Dr. Don Colbert – While the Coronavirus is spreading across the globe and causing fear, remember that there are many preventative measures you can take.

Coronavirus prevention starts with each of us. In addition to the obvious tips of avoiding public events, travel, and those with suspected Coronavirus, there are simple steps you can take to reduce your risk.

First, know the symptoms and when they are cause for concern. Next, practice these Vital Tips for Coronavirus Prevention.

Coronavirus Symptoms

1. First, it causes a sore throat that generally lasts 3-4 days.
2. Next, Coronavirus mixes with nasal fluid and mucus. It can enter the trachea and make its way to the lungs. This usually causes pneumonia. This period lasts another 5-6 days.
3. During the pneumonia infection, patients also experience a high fever and more difficulty breathing.
4. Of note, as it progresses, the nasal and lung congestion does not feel like a normal cold. It’s more like not being able to breathe and drowning.

It’s absolutely imperative to seek immediate medical attention if you have these symptoms.

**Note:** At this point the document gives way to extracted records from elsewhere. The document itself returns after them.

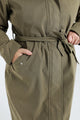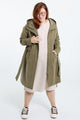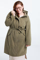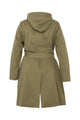 Halflange, effen trenchcoat met rits, kap en strikriem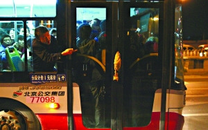 阿蘭(化名)是六里橋北里附近一名交通協(xié)管員,從2007年開始,她就在這里負責(zé)維持交通秩序。揮動小旗,右手推著乘客的背,配合著關(guān)門的節(jié)奏,順勢將乘客推上公交車。三年來,阿蘭每天早晨都要不停地重復(fù)這套動作,尤其是對擠300路、323路和661路車的乘客。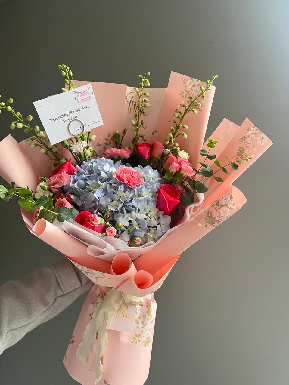 Regala un momento inolvidable con este ramo que combina la frescura de las hortensias azules, la pasión de las rosas rosadas y la ternura de los tonos rosados. Perfecto para cumpleaños, aniversarios o simplemente para decir “me importas”.

10 Vital Tips for Coronavirus Prevention

1. Runny nose and sputum mean you likely have a common cold, and not the Coronavirus. If you have a runny nose, it’s still best to stay home and not spread the cold, but this is different than Coronavirus.
2. If you have a dry cough and no runny nose, the is more inline with Coronavirus pneumonia symptoms. By the time you develop noticeable symptoms, the disease may have progressed. A great way to self-check your lungs each day before symptoms appear is to take a deep breath and hold it for more than 10 seconds while in an environment of clean air. If you can hold it without coughing, tightness, discomfort, or stiffness, your lungs are without the fibrosis caused by the virus. If coronavirus is active, you will likely not be able to hold your breath for long without coughing and discomfort.
3. The Coronavirus is killed by heat. Use hot water, get as much sunlight as possible, and boil or steam anything you believe could be contaminated.
4. Maintain distance between yourself and others, at least 5 feet and preferably 10 feet. A sneeze that contains the Coronavirus will have droplets that travel up to 10 feet before they are no longer airborne and contagious. Avoiding close contact with others is a vital Coronavirus prevention measure.
5. The Coronavirus can live on different surfaces, for different amounts of time. It can live on metals surfaces for 12 or more hours. Disinfect the surfaces if possible and wash your hands after any contact.
6. The Coronavirus can live on fabric for 6-12 hours. If you come in contact with suspicious fabric, wash your hands. Normal laundry soap will suffice to disinfect the fabric.
7. Choose warm drinking water over cold, and avoid ice water. All viruses hate warm water.
8. Washing your hands is likely the most important defense you have. The virus can live on your skin for 5-10 minutes. Think of all the times you touch your face, others, and surfaces in just that time! Make sure to keep your hands away from your face, and wash your hands frequently. You can also use sanitizer when unable to wash with soap and water.
9. Gargling with salt water is a great precaution as well. Try 1/8-1/4 teaspoon of salt per 8 ounces warm water.
10. The Coronavirus is most harmful if it can get from your mouth down your airways and to your lungs. Drinking water frequently can help. Drink at least every 10-15 minutes. Water forces anything your mouth and esophagus down to your stomach, where you have powerful acid to kill viruses. Do not let your mouths become dry!

Bottom Line

While the Coronavirus is spreading across the globe and causing fear, remember that there are many preventative measures you can take. First, know the symptoms and seek immediate medical attention if possible. In the meantime, practice these preventative measures and share with others as we all depend on each other to stay healthy.